Data to use:
● ● ● ● ●

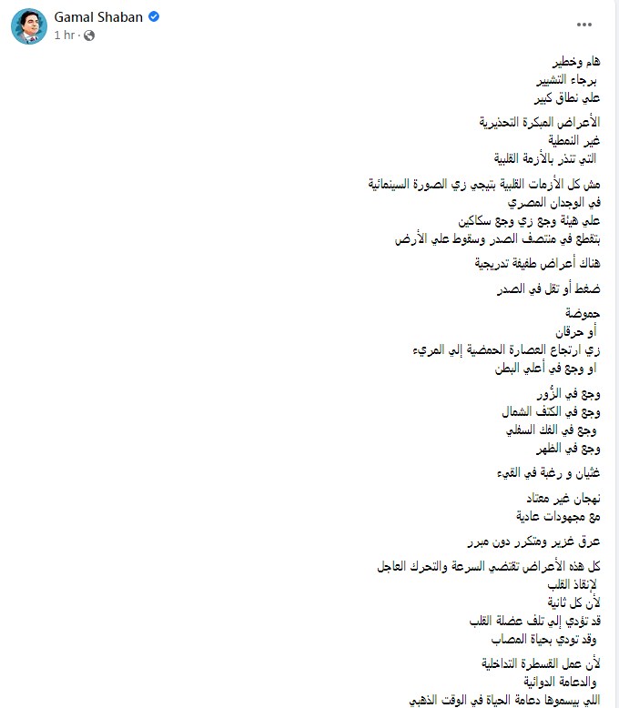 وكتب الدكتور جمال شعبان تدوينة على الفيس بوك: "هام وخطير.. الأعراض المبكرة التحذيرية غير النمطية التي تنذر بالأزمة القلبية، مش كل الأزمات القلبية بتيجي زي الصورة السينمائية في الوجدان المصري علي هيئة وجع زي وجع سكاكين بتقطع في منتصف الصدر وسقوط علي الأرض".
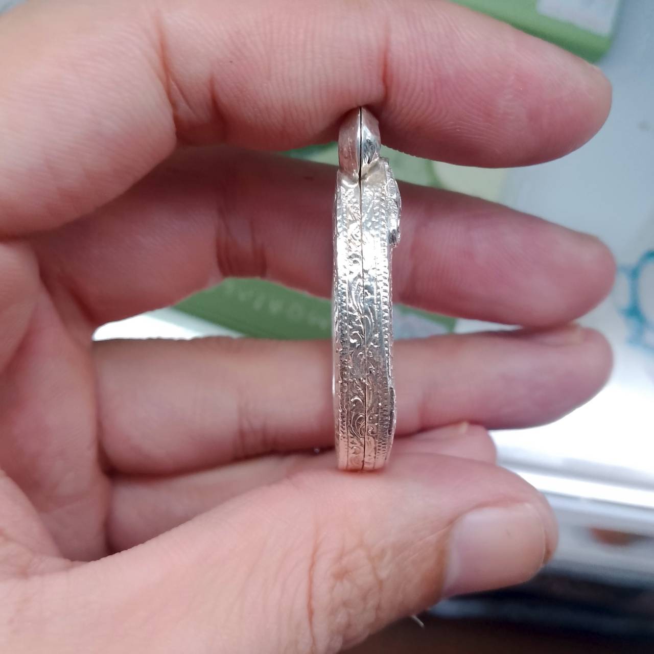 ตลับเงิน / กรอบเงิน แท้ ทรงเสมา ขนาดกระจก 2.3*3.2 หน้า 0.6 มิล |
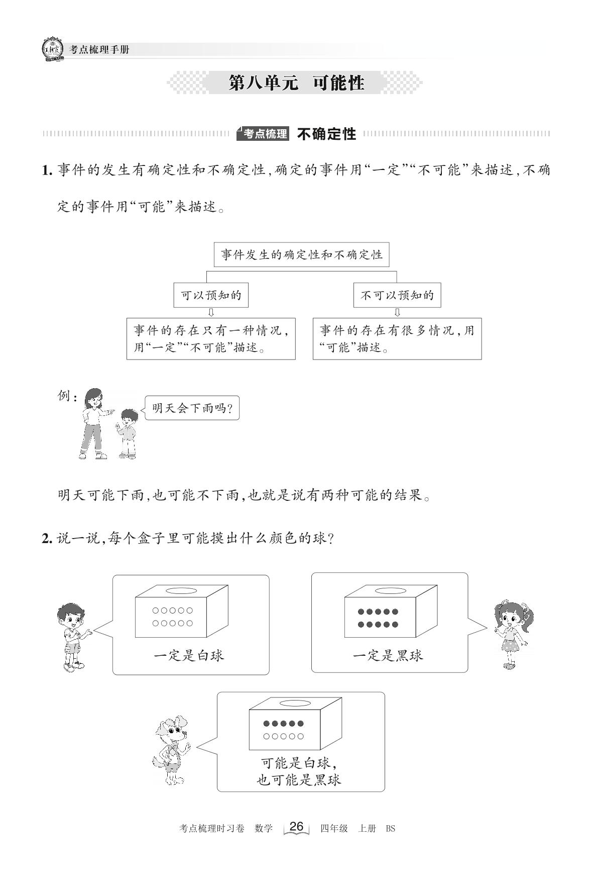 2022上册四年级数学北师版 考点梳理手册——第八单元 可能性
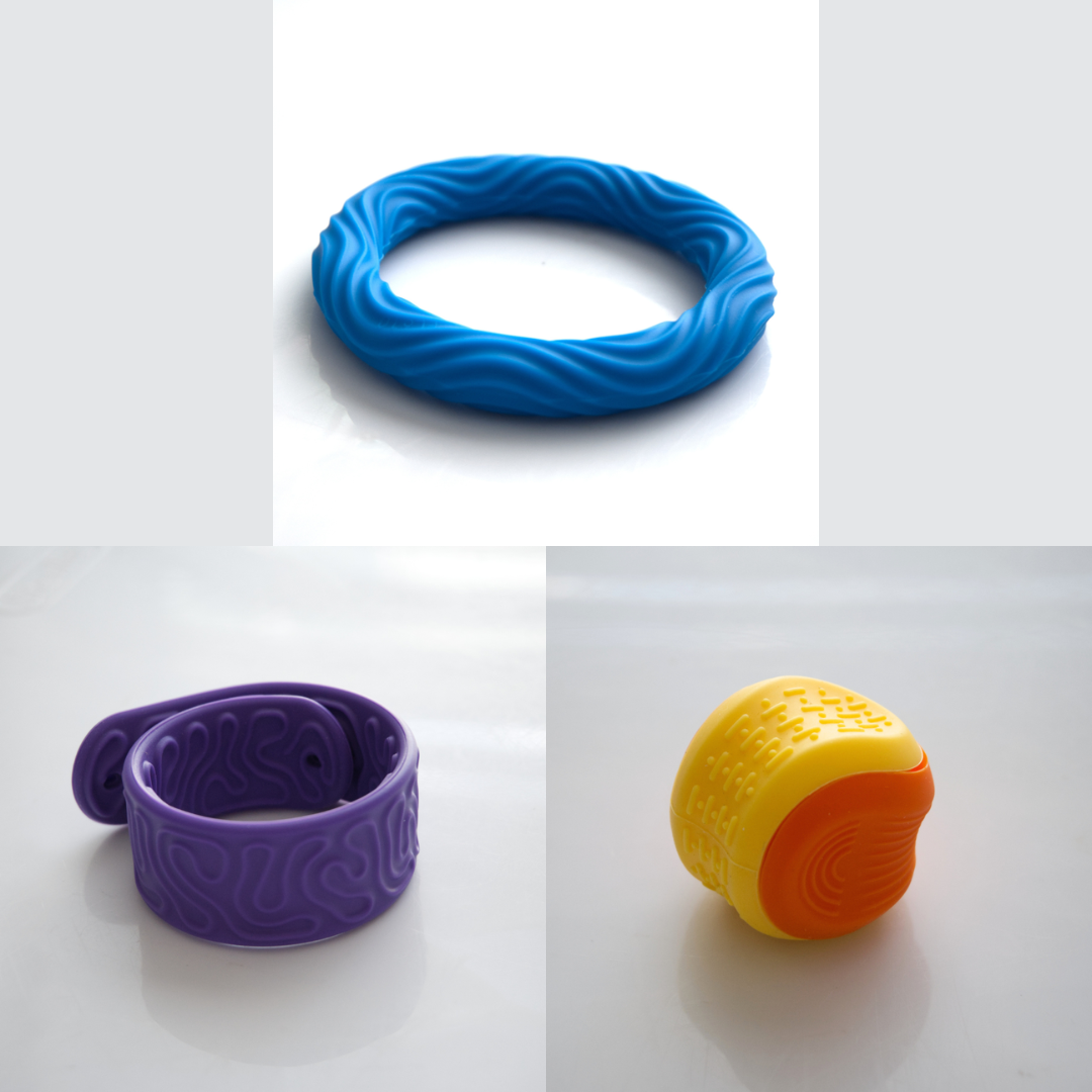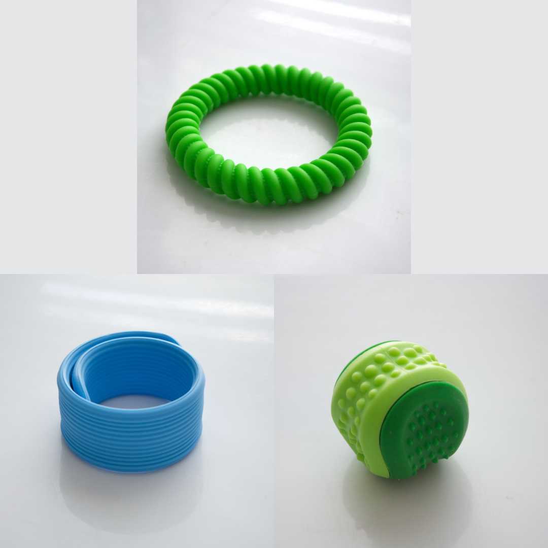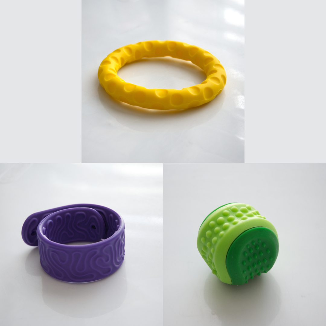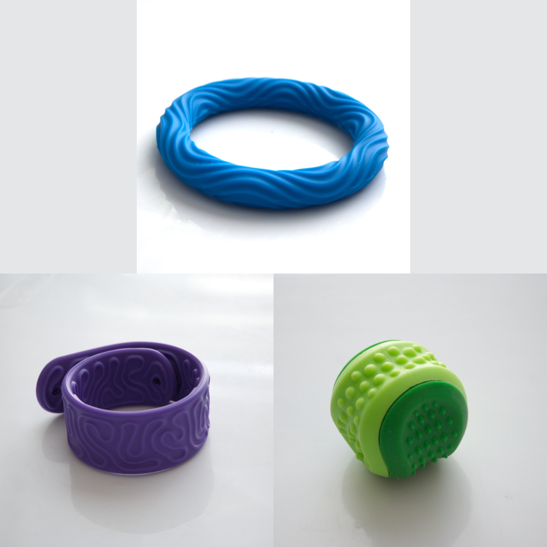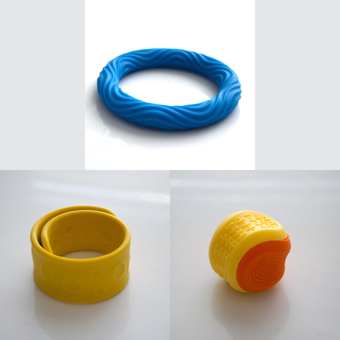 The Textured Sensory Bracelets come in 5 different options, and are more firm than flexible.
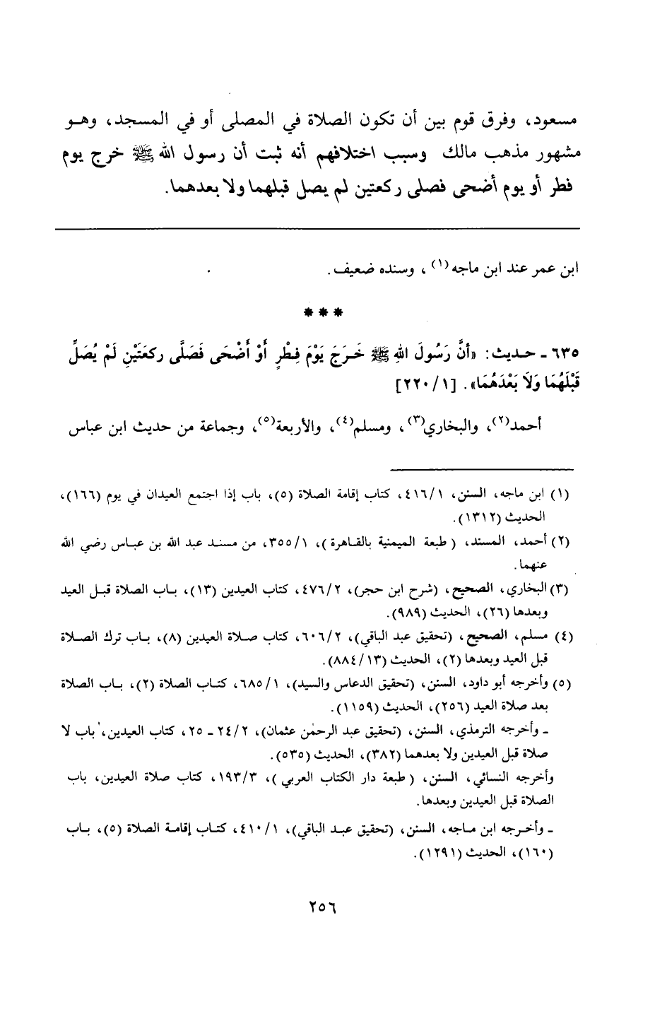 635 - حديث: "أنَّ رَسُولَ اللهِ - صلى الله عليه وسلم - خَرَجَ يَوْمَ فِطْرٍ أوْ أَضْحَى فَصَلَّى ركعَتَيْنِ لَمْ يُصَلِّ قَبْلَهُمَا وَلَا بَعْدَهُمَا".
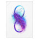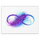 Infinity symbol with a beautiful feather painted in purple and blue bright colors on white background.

● ● ● ● ●

What you have to do: Set down the records above exactly, leaving out pictures.

Problem solution:
 وكتب الدكتور جمال شعبان تدوينة على الفيس بوك: "هام وخطير.. الأعراض المبكرة التحذيرية غير النمطية التي تنذر بالأزمة القلبية، مش كل الأزمات القلبية بتيجي زي الصورة السينمائية في الوجدان المصري علي هيئة وجع زي وجع سكاكين بتقطع في منتصف الصدر وسقوط علي الأرض".
 ตลับเงิน / กรอบเงิน แท้ ทรงเสมา ขนาดกระจก 2.3*3.2 หน้า 0.6 มิล |
 2022上册四年级数学北师版 考点梳理手册——第八单元 可能性
 The Textured Sensory Bracelets come in 5 different options, and are more firm than flexible.
 635 - حديث: "أنَّ رَسُولَ اللهِ - صلى الله عليه وسلم - خَرَجَ يَوْمَ فِطْرٍ أوْ أَضْحَى فَصَلَّى ركعَتَيْنِ لَمْ يُصَلِّ قَبْلَهُمَا وَلَا بَعْدَهُمَا".
 Infinity symbol with a beautiful feather painted in purple and blue bright colors on white background.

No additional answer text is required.